◆ EXERCISE
What you return must match the data below exactly, minus any pictures.

◆ MATERIAL PROVIDED
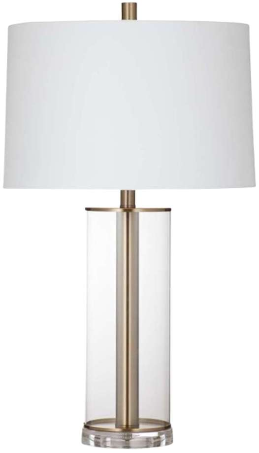 The Ares Table Lamp is crafted of clear glass with brass accents and a white linen drum shade. The hand crafted details produced by a skilled artist lends itself to a unique technique and will vary slightly.Read More
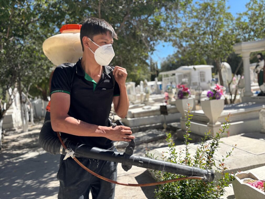 Con la finalidad de proteger la salud de las familias parrenses, el Gobierno Municipal, en coordinación con el Hospital Integral de Parras y la Secretaría de Salud, llevó a cabo una jornada de fumigación y abatización en los panteones municipales, como parte de las acciones de prevención contra el mosquito transmisor del dengue.
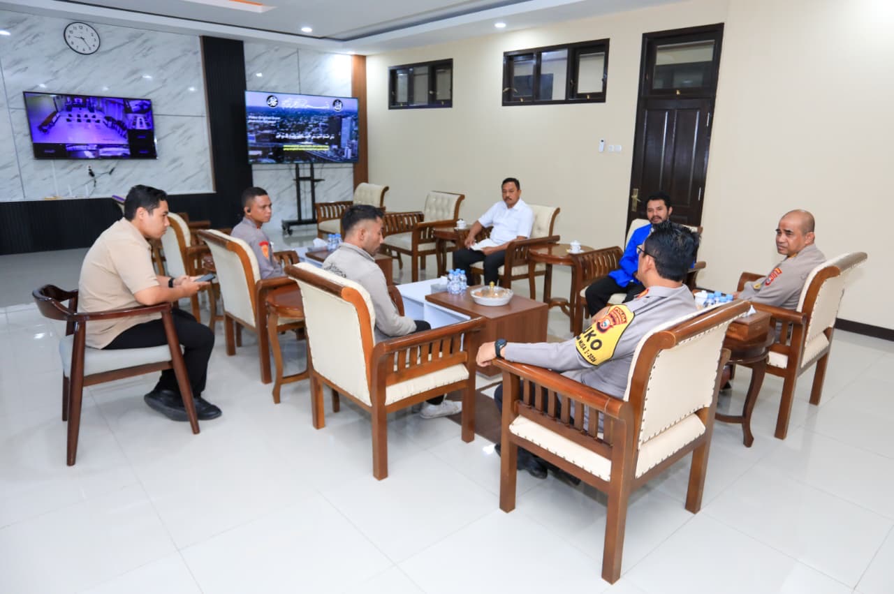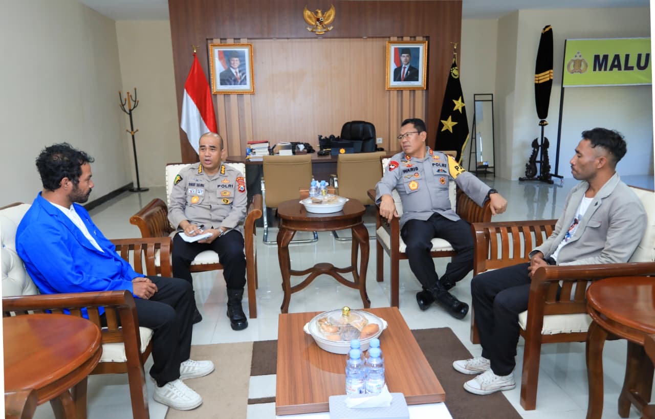 Kapolda Maluku Utara Irjen Pol. Drs. Waris Agono, M.Si. menerima audiensi dari Pergerakan Mahasiswa Islam Indonesia (PMII) di ruang kerjanya, Rabu (22/4/2026).

◆ RESULT FOR THIS EXERCISE
 The Ares Table Lamp is crafted of clear glass with brass accents and a white linen drum shade. The hand crafted details produced by a skilled artist lends itself to a unique technique and will vary slightly.Read More
 Con la finalidad de proteger la salud de las familias parrenses, el Gobierno Municipal, en coordinación con el Hospital Integral de Parras y la Secretaría de Salud, llevó a cabo una jornada de fumigación y abatización en los panteones municipales, como parte de las acciones de prevención contra el mosquito transmisor del dengue.
 Kapolda Maluku Utara Irjen Pol. Drs. Waris Agono, M.Si. menerima audiensi dari Pergerakan Mahasiswa Islam Indonesia (PMII) di ruang kerjanya, Rabu (22/4/2026).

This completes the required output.